Tory Mountain
Parkour: Popular Counter-Public or Paradox of Power?
Panel Abstract: This panel seeks to explore the notion of ‘public space’ and its formation in and through complex economic, political and cultural processes. Viewing ‘publics’ essentially as a force field that can generate what Warner calls Poetic world making serving as an alternative politics of culture and teaming it with an understanding of ’space’ that extends from the physical to its more political, moral, even utopic dimensions, we strive to draw together various cultural practices and artifacts as performative models that problematise and challenge this force field and its subversive potential. Drawing from varied political practices, behaviors, discourses and images, each paper uses performance as an epistemological lens to explore creative and political interstices within the public arena and re-locate emerging critical modes of ‘countering’.
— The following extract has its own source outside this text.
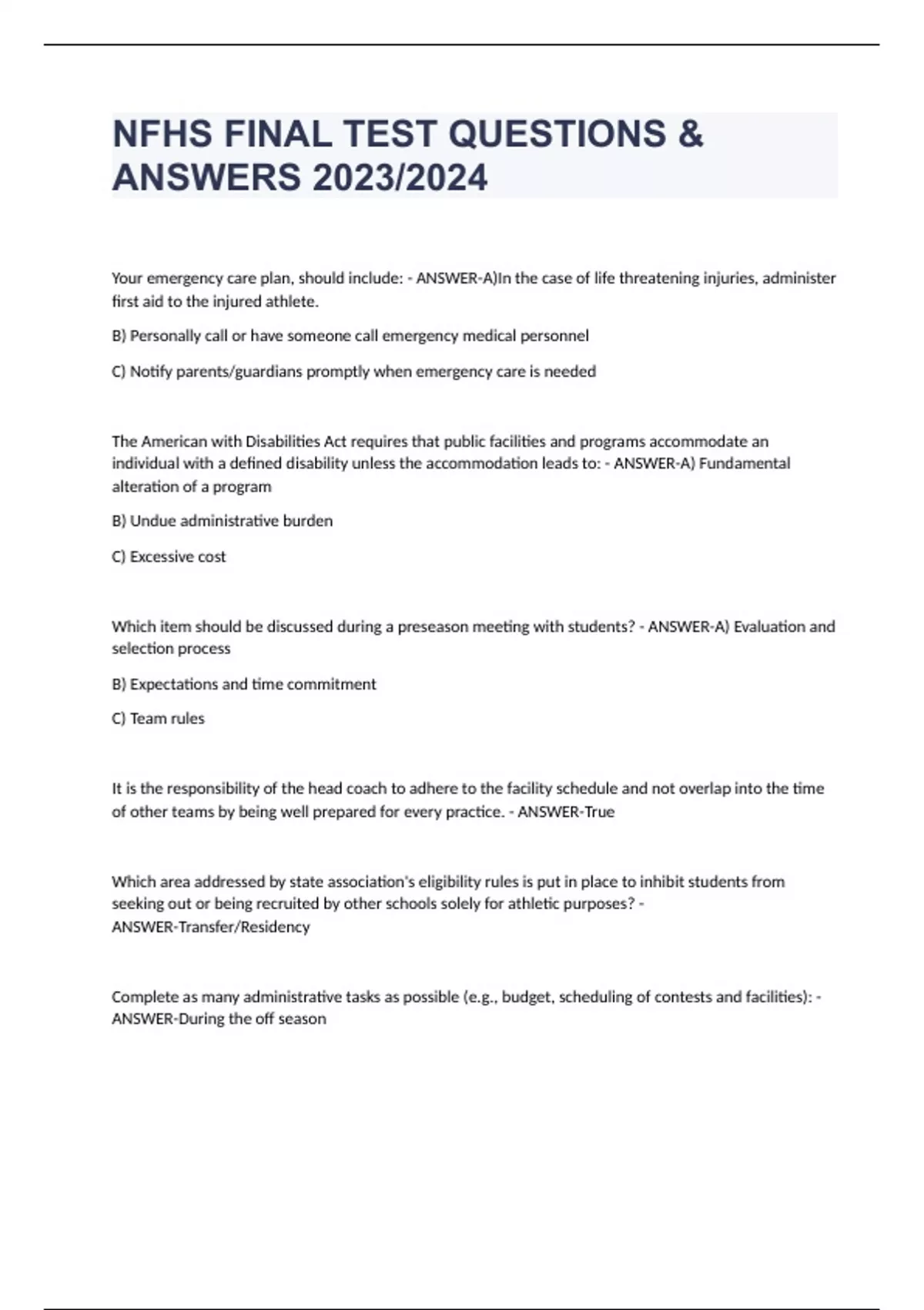 NFHS FINAL TEST QUESTIONS & ANSWERS 2023/2024 Your emergency care plan, should include: - ANSWER-A)In the case of life threatening injuries, administer first aid to the injured athlete. B) Personally call or have someone call emergency medical personnel C) Notify parents/guardians promptly when emergency care is needed The American with Disabilities Act requires that public facilities and programs accommodate an individual with a defined disability unless the accommodation leads to: - ANSWER-A) Fundamental alteration of a program B) Undue administrative burden C) Excessive cost Which item should be discussed during a preseason meeting with students? - ANSWER-A) Evaluation and selection process B) Expectations and time commitment C) Team rules It is the responsibility of the head coach to adhere to the facility schedule and not overlap into the time of other teams by being well prepared for every practice. - ANSWER-True Which area addressed by state association's eligibility rules is put in place to inhibit students from seeking out or being recruited by other schools solely for athletic purposes? - ANSWER-Transfer/Residency Complete as many administrative tasks as possible (e.g., budget, scheduling of contests and facilities): - ANSWER-During the off season
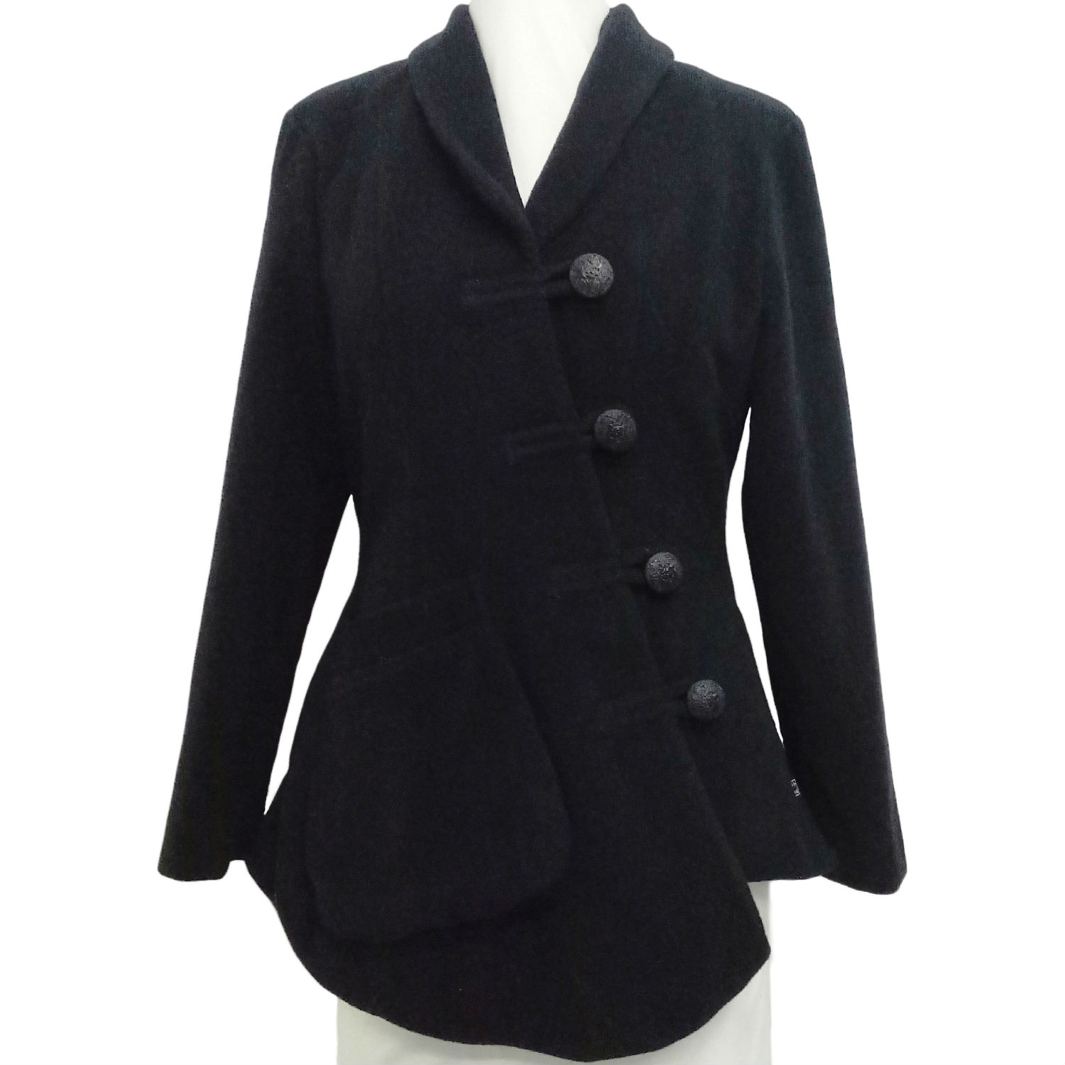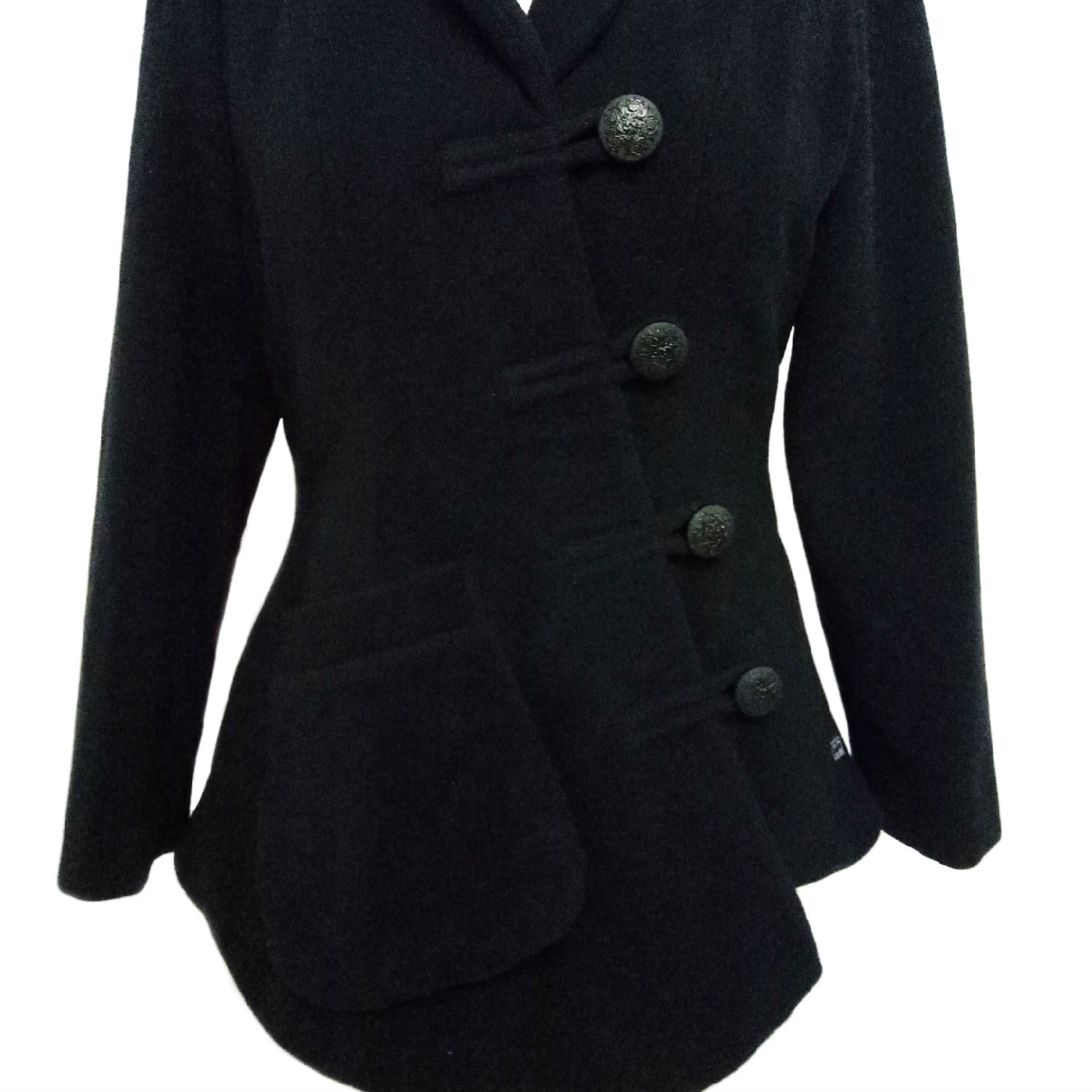 This ladies' A-line coat with military-inspired toggle accent will have you looking chic and cool. Its row of button toggles with loop fastening is positioned asymmetrically for a modern twist. Nicely fitted at the waist and flaring at the hips with a curved hemline, this handsome coat defines your waist and outlines your attractive hourglass body figure. It comes with a front bellow pocket which is slightly tilted for a unique look.

The panel comprises of 4 students from Portugal, Canada, Netherlands and India respectively holding different specialisms in performance studies and varied performance practices. In the process of writing our dissertations for the MA in International Performance Research, we’ve encountered a common concern with issues of public space. The PSI Conference 2010 would provide us a platform to discuss our research methods and findings and put them to debate with other scholars.
Mountain’s Abstract: This paper seeks to question the validity of the popular assumption that parkour is a counter-public. Elements of whiteness and heterosexual masculinity identifiable in the practise serve to problematize the notion of counter, and push further this examination of parkour as both a critique and reaffirmation of dominant public interests.